Sex, religion, and waiting for marriage

My brother, three years my senior, got married last September. I'm sort of the black sheep of the family; my parents and my brother are all quite religious. It was, in fact, my brother who drew me into the vile claws of evangelical Christianity as a teenager. He's thankfully not a demon-exorcising, gibberish-speaking, faith-healing nut like we were once upon a time (at least as far as I know), but he's still pretty devout, and he met his wife when they were part of the music worship team at their church. Their wedding absolutely oozed religion from every pore – breaks for prayer, breaks for corny contemporary worship songs, and vows overflowing with references to the mystical, Jesus-centric nature of their marital bond.

So it probably shouldn't come as a surprise that, as I had suspected and my brother confirmed to me shortly before the wedding, they had indeed saved themselves for marriage. Well, at least with each other. They're both in their 30s, so I don't think any modern person can get that far without having sex, save for socially inept goofs like Fred, the 45-year-old virgin from the first season of VH1's The Pickup Artist. Nonetheless, including the time of their engagement, they were together for about two years before they tied the knot. That's a long time to be in a monogamous relationship without getting naked. Obviously, being an atheist, I don't have any religious reason to hold off for marriage. I haven't in any of my past relationships whether they lasted years or hours, and though I'm currently single, I definitely won't be waiting for marriage in any future relationships.

But it's not just because I'm not religious.
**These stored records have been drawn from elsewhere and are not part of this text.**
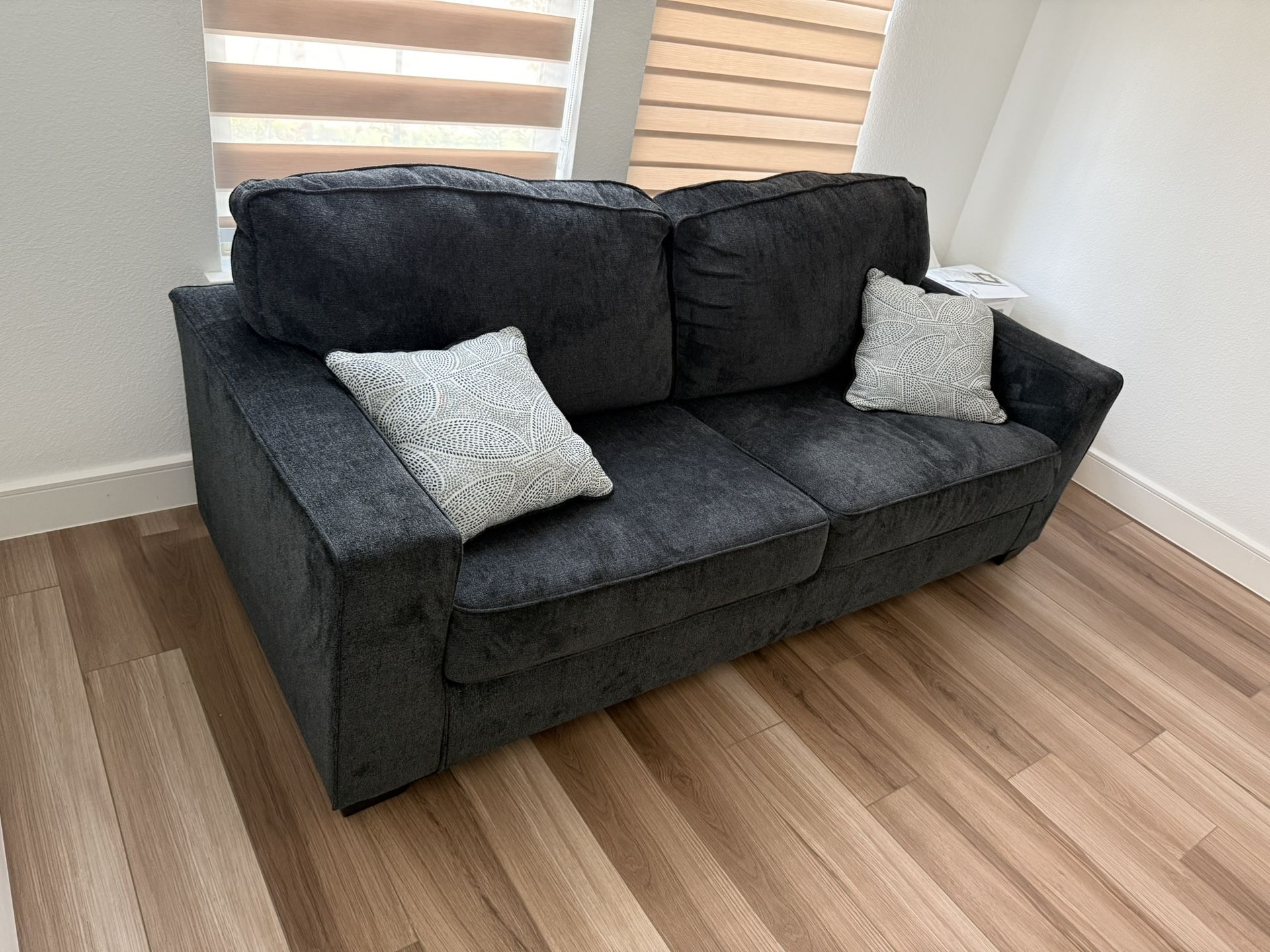 Essentially new sofa with queen size pull out bed with plastic wrap around mattress still on. Little to any wear on sofa, only 1 years old.
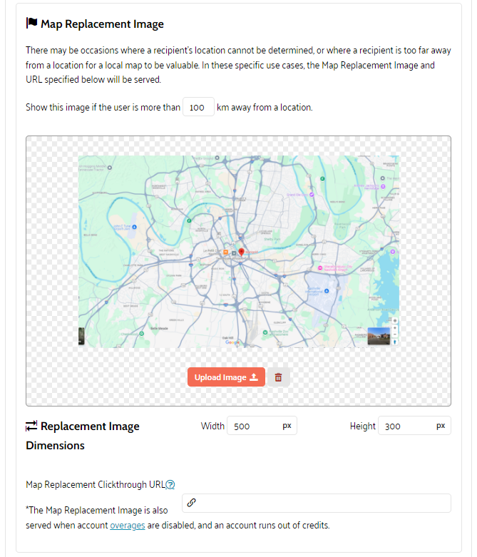 11. There may be occasions where a recipient's location cannot be determined, or where a recipient is too far away from a location for a local map to be valuable. In these specific use cases, the Map Replacement Image and URL specified below will be served. The Map Replacement Image is also served when account overages are disabled, and an account runs out of credits.
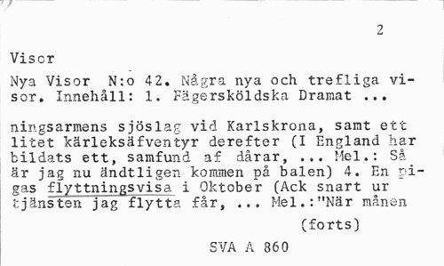 //// 2 //// Visor //// Nya Visor N:o 42. Några nya och trefliga visor. Innehåll: 1. Fägersköldska Dramat ... //// ningsarmens sjöslag vid Karlskrona, samt ett litet kärleksäfventyr derefter (I England har bildats ett, samfund a£ dårar, ... Mel.: Så är jag nu ändtligen kommen på balen) 4. En pigas flyttningsvisa i Oktober (Ack snart ur tjänsten jag flytta får, ... Mel.:"När månen //// (forts) //// SVA A 860 ////
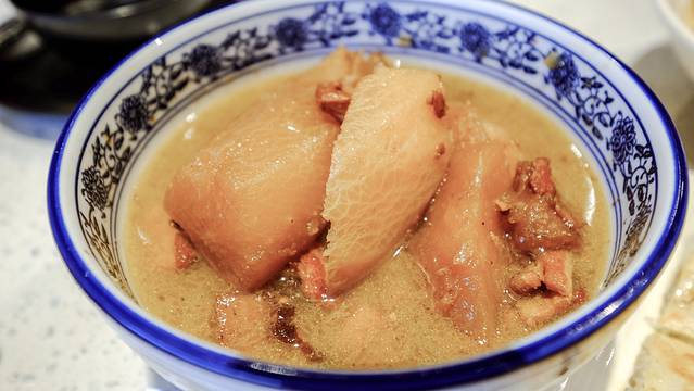 四季美汤包也是武汉当地特色,我也是在临回北京前才发现了一家开门的,这地方汤包真的不好吃,但是炸酱面有点儿意思,跟北京版完全不一样,还挺好吃的。我看店里菜单上写着有排骨莲藕汤和热干面,但是我去的时候人家只卖炸酱面和汤包,不知道是不是过年的原因。
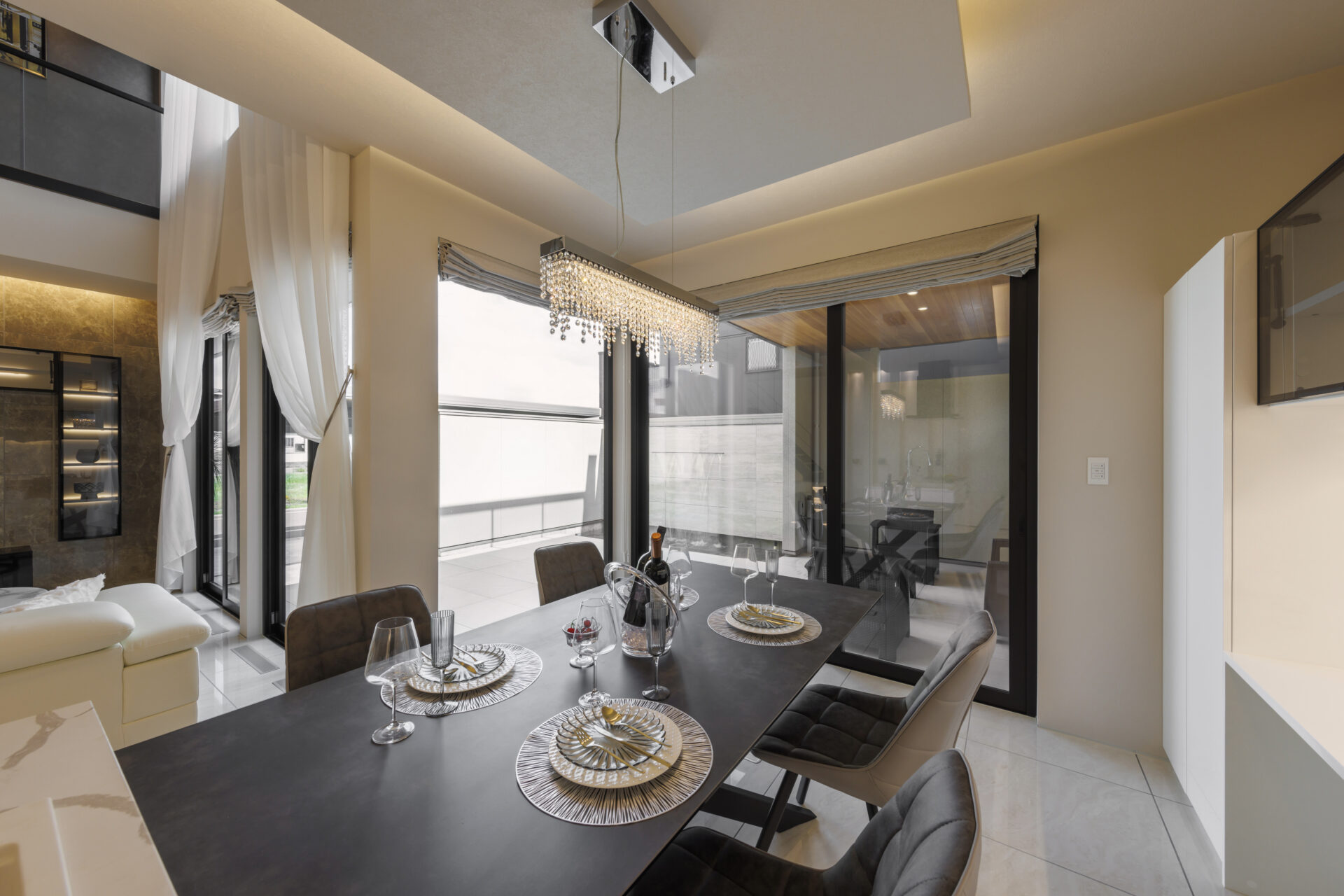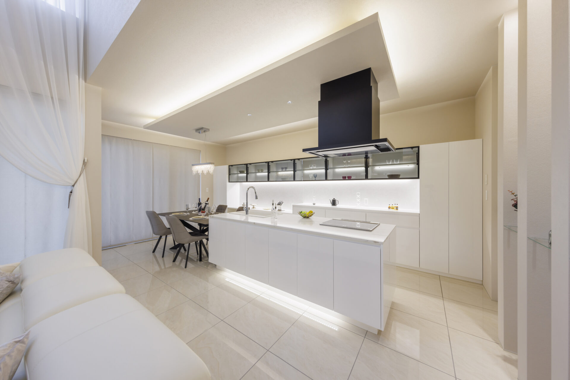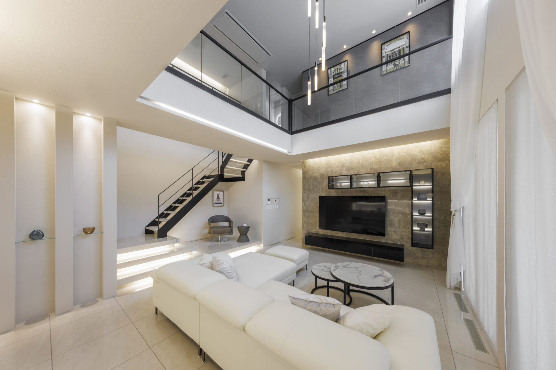上質な素材と洗練されたデザインが調和する、ラグジュアリーな室内空間。吹き抜けの開放感と間接照明の柔らかな光が、心を満たす上質な時間を演出します。日常に特別感をもたらす、贅沢なくつろぎの住まいです。

I fundamentally disagree with the notion of waiting for marriage to have sex; I think it's detrimental to a relationship, and sex is too central a part of a long-term relationship to neglect it for months or years, then suddenly pick it up and expect everything to go smoothly. In fact, when it really boils down to it, that's exactly what a long-term monogamous relationship is: two people are agreeing to be mutually responsible for each others' sexual fulfillment. It's not something to be taken lightly, and it's not something that exists in a vacuum independently from the rest of the relationship.

Sex plays not just a role, but a central role in any monogamous relationship: it's central to how you bond emotionally, how you resolve conflict, and how you reinforce your bond during difficult times. The idea of waiting for marriage places sex in a distinct category as though it can be developed distinctly from the other major areas of the relationship; it can't. Sex requires an open, non-judgmental, ongoing dialogue throughout the relationship. People who wait for marriage to have sex are failing to develop the most central component of their relationship, both pragmatically (i.e., likes and dislikes) and in the broader context of its influence in all aspects of the relationship. And before someone objects and says sex isn't a central component in a relationship, consider simply that there are lots of people – often of the opposite sex – that we are very close to, with whom we share very intimate bonds but with whom we do not have sexual relationships. They're called friends.

Of course, people like my brother who wait for marriage can certainly still have very fulfilling sexual relationships if they work hard at establishing that communication. But they will still have to overcome the fact that the sexual component of their relationship is significantly lagging behind the rest of their relationship, and that is no small problem to tackle. And while I'm sure the "honeymoon" period will be as rabbit-like as any, it's really the months and years ahead that will present the biggest challenge, and that is when the lack of sexual development during the dating phase will come around to challenge the relationship.

There was a time when waiting for marriage was simply the pragmatic thing to do. There was no birth control, so if a man was having sex with a woman, he was probably fathering her children. Accordingly, women didn't usually have careers and people got married when they were very young and naive. But nowadays, with women achieving independence and waiting much longer before getting hitched, it's become that much more important to pay attention to sexual compatibility as the backbone of any long-term monogamous relationship. Committing to fulfilling your partner's sexual needs is no small responsibility, and those who begin the dialogue early and explore their sexual connection responsibly and openly are taking greater steps to ensure the long-term happiness and security of their relationship.